---- Records shown

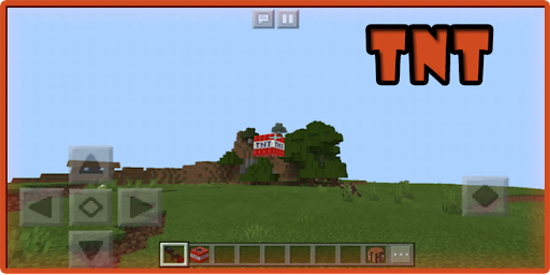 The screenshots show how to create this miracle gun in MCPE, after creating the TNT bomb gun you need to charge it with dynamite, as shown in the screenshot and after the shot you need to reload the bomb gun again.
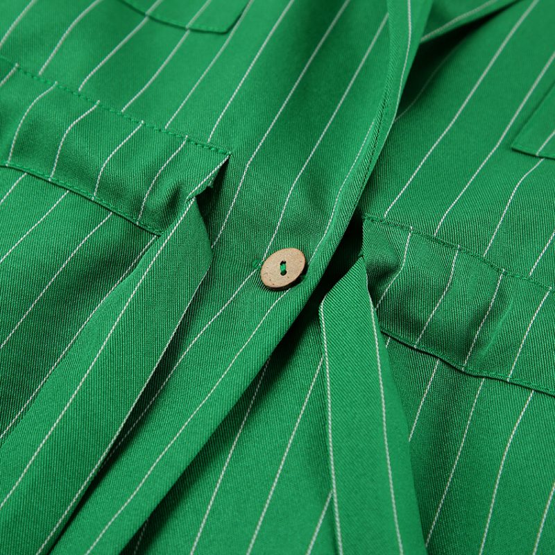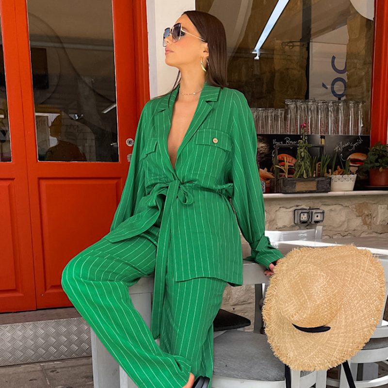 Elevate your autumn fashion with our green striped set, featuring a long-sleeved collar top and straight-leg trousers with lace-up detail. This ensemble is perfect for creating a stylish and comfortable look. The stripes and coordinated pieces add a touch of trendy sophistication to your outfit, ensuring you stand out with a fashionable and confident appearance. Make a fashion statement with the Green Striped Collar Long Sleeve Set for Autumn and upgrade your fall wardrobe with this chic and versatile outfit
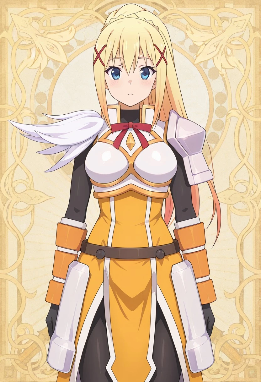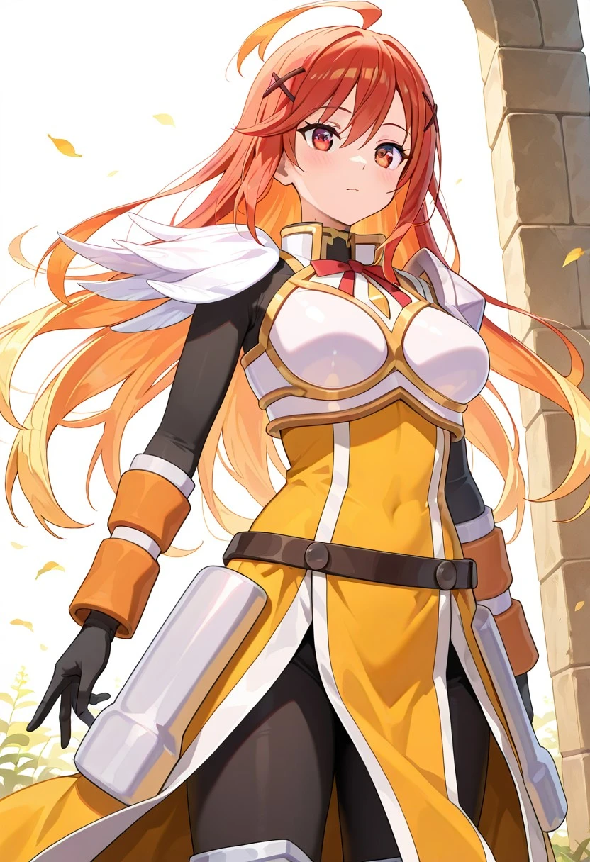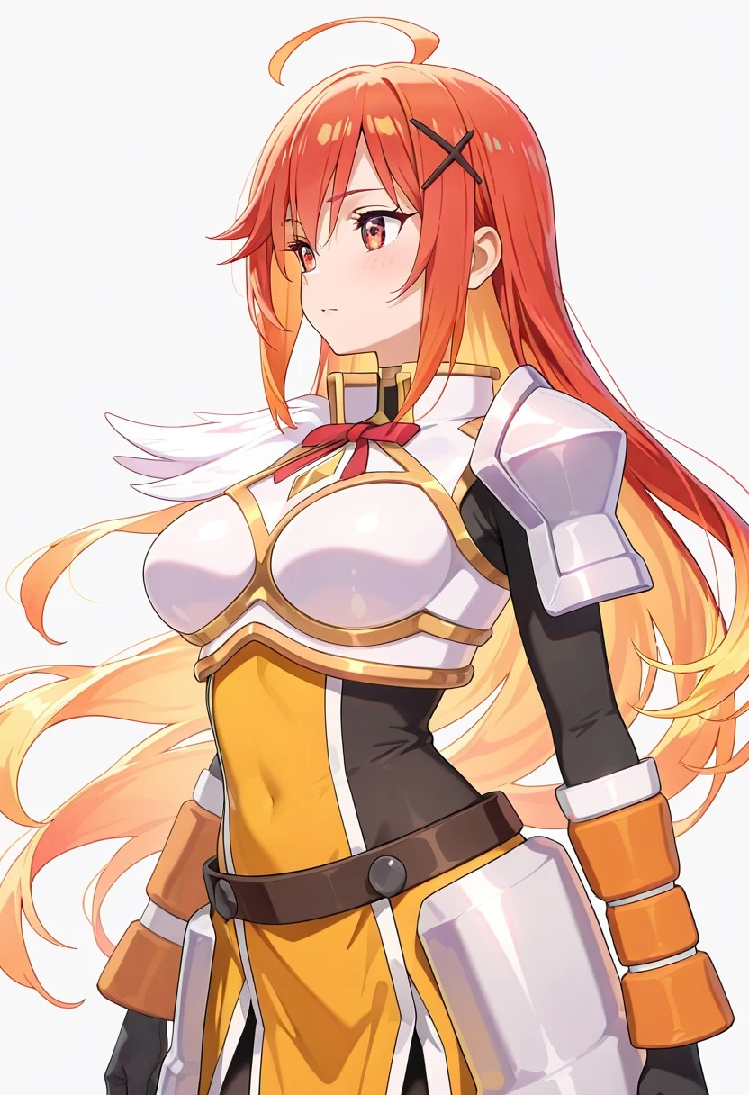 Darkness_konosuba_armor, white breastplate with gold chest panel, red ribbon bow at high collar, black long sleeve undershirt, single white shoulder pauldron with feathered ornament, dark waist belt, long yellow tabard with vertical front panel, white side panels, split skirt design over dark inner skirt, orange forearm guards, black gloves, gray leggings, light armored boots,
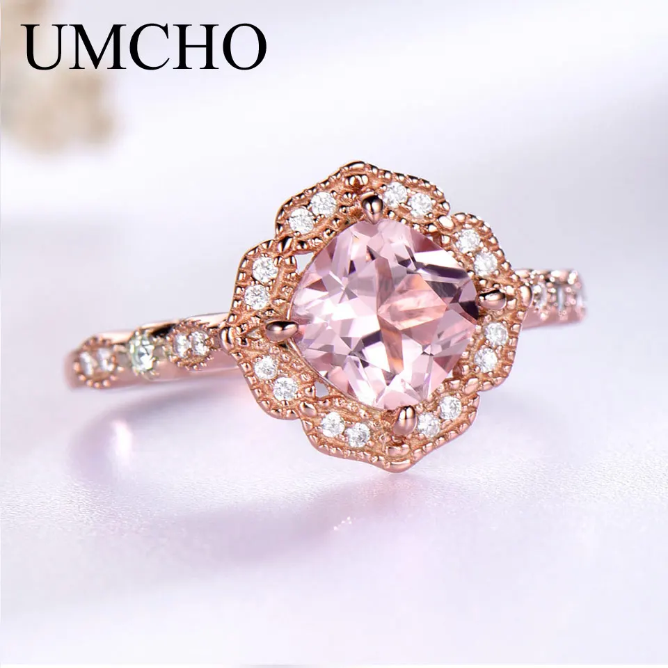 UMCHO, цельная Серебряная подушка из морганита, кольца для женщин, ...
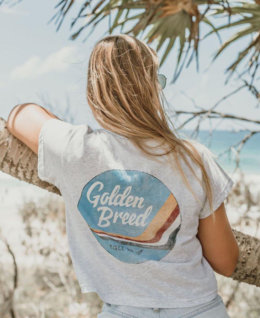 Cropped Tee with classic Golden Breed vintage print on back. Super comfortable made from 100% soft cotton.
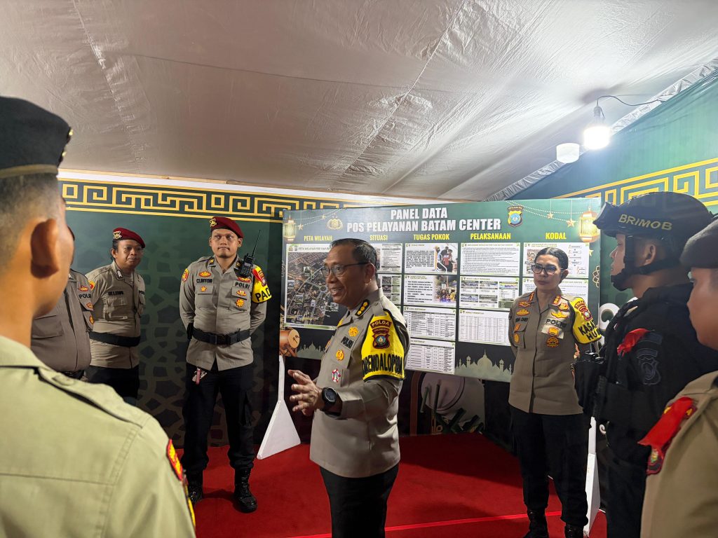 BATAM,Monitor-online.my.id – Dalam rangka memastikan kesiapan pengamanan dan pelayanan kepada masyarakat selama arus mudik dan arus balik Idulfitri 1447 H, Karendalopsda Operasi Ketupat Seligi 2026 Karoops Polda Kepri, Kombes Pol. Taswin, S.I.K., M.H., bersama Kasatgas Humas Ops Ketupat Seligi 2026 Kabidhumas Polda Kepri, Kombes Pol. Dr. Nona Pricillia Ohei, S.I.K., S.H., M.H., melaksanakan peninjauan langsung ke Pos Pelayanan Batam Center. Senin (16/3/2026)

--------

Should a record include a picture, drop the picture and write out the remainder exactly.

» **Exercise response**:
 The screenshots show how to create this miracle gun in MCPE, after creating the TNT bomb gun you need to charge it with dynamite, as shown in the screenshot and after the shot you need to reload the bomb gun again.
 Elevate your autumn fashion with our green striped set, featuring a long-sleeved collar top and straight-leg trousers with lace-up detail. This ensemble is perfect for creating a stylish and comfortable look. The stripes and coordinated pieces add a touch of trendy sophistication to your outfit, ensuring you stand out with a fashionable and confident appearance. Make a fashion statement with the Green Striped Collar Long Sleeve Set for Autumn and upgrade your fall wardrobe with this chic and versatile outfit
 Darkness_konosuba_armor, white breastplate with gold chest panel, red ribbon bow at high collar, black long sleeve undershirt, single white shoulder pauldron with feathered ornament, dark waist belt, long yellow tabard with vertical front panel, white side panels, split skirt design over dark inner skirt, orange forearm guards, black gloves, gray leggings, light armored boots,
 UMCHO, цельная Серебряная подушка из морганита, кольца для женщин, ...
 Cropped Tee with classic Golden Breed vintage print on back. Super comfortable made from 100% soft cotton.
 BATAM,Monitor-online.my.id – Dalam rangka memastikan kesiapan pengamanan dan pelayanan kepada masyarakat selama arus mudik dan arus balik Idulfitri 1447 H, Karendalopsda Operasi Ketupat Seligi 2026 Karoops Polda Kepri, Kombes Pol. Taswin, S.I.K., M.H., bersama Kasatgas Humas Ops Ketupat Seligi 2026 Kabidhumas Polda Kepri, Kombes Pol. Dr. Nona Pricillia Ohei, S.I.K., S.H., M.H., melaksanakan peninjauan langsung ke Pos Pelayanan Batam Center. Senin (16/3/2026)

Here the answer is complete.